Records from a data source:
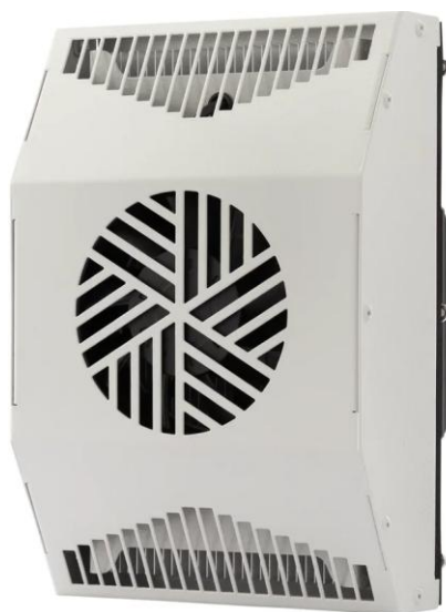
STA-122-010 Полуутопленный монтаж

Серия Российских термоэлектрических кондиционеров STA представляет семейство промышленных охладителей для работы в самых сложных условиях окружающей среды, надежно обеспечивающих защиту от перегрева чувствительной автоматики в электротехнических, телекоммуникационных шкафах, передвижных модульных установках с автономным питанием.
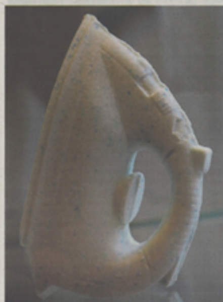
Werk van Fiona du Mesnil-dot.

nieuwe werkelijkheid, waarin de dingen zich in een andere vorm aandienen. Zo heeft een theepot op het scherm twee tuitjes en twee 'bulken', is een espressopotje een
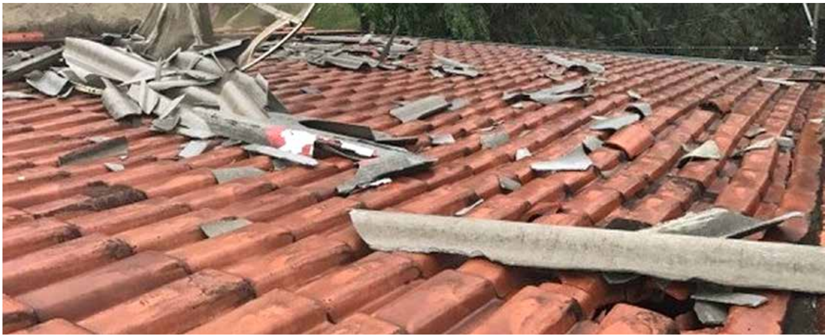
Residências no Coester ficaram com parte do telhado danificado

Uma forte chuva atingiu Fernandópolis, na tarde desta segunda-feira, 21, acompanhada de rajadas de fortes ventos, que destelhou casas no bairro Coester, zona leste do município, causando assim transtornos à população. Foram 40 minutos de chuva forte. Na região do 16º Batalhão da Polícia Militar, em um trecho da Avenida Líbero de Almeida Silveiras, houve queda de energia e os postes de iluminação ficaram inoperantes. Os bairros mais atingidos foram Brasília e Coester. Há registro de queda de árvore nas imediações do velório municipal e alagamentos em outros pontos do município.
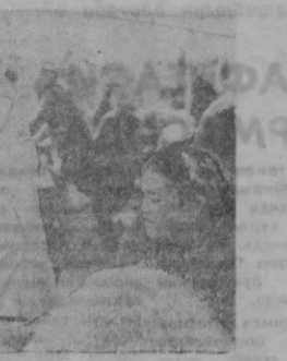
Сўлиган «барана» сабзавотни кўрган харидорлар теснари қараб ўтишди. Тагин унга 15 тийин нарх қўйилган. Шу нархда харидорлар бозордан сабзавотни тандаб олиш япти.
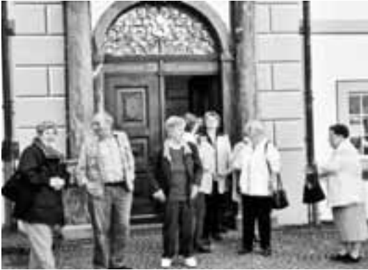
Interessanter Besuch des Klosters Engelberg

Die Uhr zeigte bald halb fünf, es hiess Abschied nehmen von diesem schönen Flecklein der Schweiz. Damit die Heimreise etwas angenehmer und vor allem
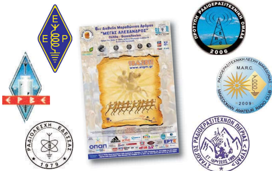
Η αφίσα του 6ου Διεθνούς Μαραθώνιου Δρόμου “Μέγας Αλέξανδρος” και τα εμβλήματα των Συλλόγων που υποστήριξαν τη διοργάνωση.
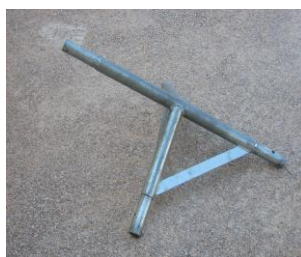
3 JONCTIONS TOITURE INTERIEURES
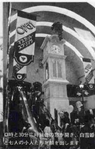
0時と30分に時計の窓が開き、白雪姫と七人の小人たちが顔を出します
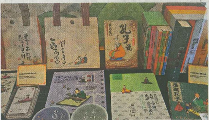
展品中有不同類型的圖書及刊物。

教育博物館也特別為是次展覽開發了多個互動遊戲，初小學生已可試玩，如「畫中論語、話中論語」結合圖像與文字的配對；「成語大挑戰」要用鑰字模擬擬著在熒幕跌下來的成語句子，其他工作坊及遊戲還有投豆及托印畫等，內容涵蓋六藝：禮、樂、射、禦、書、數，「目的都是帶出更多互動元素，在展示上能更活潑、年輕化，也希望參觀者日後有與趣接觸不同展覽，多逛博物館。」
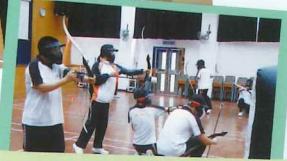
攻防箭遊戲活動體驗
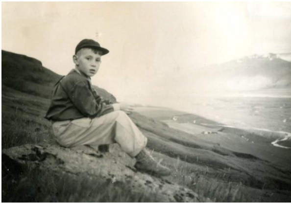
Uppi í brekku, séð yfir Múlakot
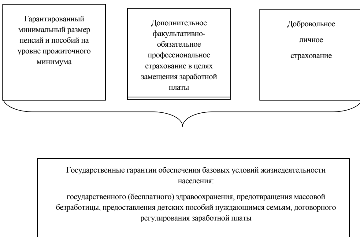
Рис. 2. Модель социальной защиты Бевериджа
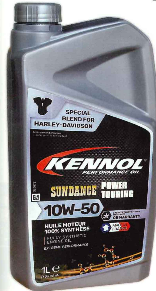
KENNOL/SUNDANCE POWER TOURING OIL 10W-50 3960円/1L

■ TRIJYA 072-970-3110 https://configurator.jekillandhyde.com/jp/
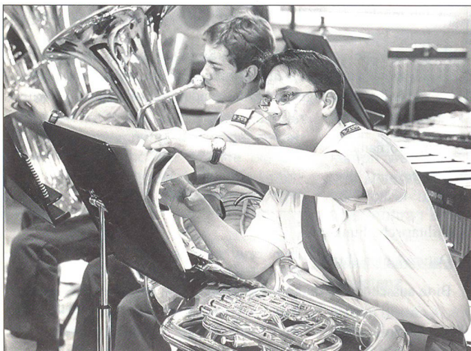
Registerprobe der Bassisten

**Activity:**
Repeat the records above verbatim. Include none of the pictures.

**Task answer:**
STA-122-010 Полуутопленный монтаж

Серия Российских термоэлектрических кондиционеров STA представляет семейство промышленных охладителей для работы в самых сложных условиях окружающей среды, надежно обеспечивающих защиту от перегрева чувствительной автоматики в электротехнических, телекоммуникационных шкафах, передвижных модульных установках с автономным питанием.
Werk van Fiona du Mesnil-dot.

nieuwe werkelijkheid, waarin de dingen zich in een andere vorm aandienen. Zo heeft een theepot op het scherm twee tuitjes en twee 'bulken', is een espressopotje een
Residências no Coester ficaram com parte do telhado danificado

Uma forte chuva atingiu Fernandópolis, na tarde desta segunda-feira, 21, acompanhada de rajadas de fortes ventos, que destelhou casas no bairro Coester, zona leste do município, causando assim transtornos à população. Foram 40 minutos de chuva forte. Na região do 16º Batalhão da Polícia Militar, em um trecho da Avenida Líbero de Almeida Silveiras, houve queda de energia e os postes de iluminação ficaram inoperantes. Os bairros mais atingidos foram Brasília e Coester. Há registro de queda de árvore nas imediações do velório municipal e alagamentos em outros pontos do município.
Сўлиган «барана» сабзавотни кўрган харидорлар теснари қараб ўтишди. Тагин унга 15 тийин нарх қўйилган. Шу нархда харидорлар бозордан сабзавотни тандаб олиш япти.
Interessanter Besuch des Klosters Engelberg

Die Uhr zeigte bald halb fünf, es hiess Abschied nehmen von diesem schönen Flecklein der Schweiz. Damit die Heimreise etwas angenehmer und vor allem
Η αφίσα του 6ου Διεθνούς Μαραθώνιου Δρόμου “Μέγας Αλέξανδρος” και τα εμβλήματα των Συλλόγων που υποστήριξαν τη διοργάνωση.
3 JONCTIONS TOITURE INTERIEURES
0時と30分に時計の窓が開き、白雪姫と七人の小人たちが顔を出します
展品中有不同類型的圖書及刊物。

教育博物館也特別為是次展覽開發了多個互動遊戲，初小學生已可試玩，如「畫中論語、話中論語」結合圖像與文字的配對；「成語大挑戰」要用鑰字模擬擬著在熒幕跌下來的成語句子，其他工作坊及遊戲還有投豆及托印畫等，內容涵蓋六藝：禮、樂、射、禦、書、數，「目的都是帶出更多互動元素，在展示上能更活潑、年輕化，也希望參觀者日後有與趣接觸不同展覽，多逛博物館。」
攻防箭遊戲活動體驗
Uppi í brekku, séð yfir Múlakot
Рис. 2. Модель социальной защиты Бевериджа
KENNOL/SUNDANCE POWER TOURING OIL 10W-50 3960円/1L

■ TRIJYA 072-970-3110 https://configurator.jekillandhyde.com/jp/
Registerprobe der Bassisten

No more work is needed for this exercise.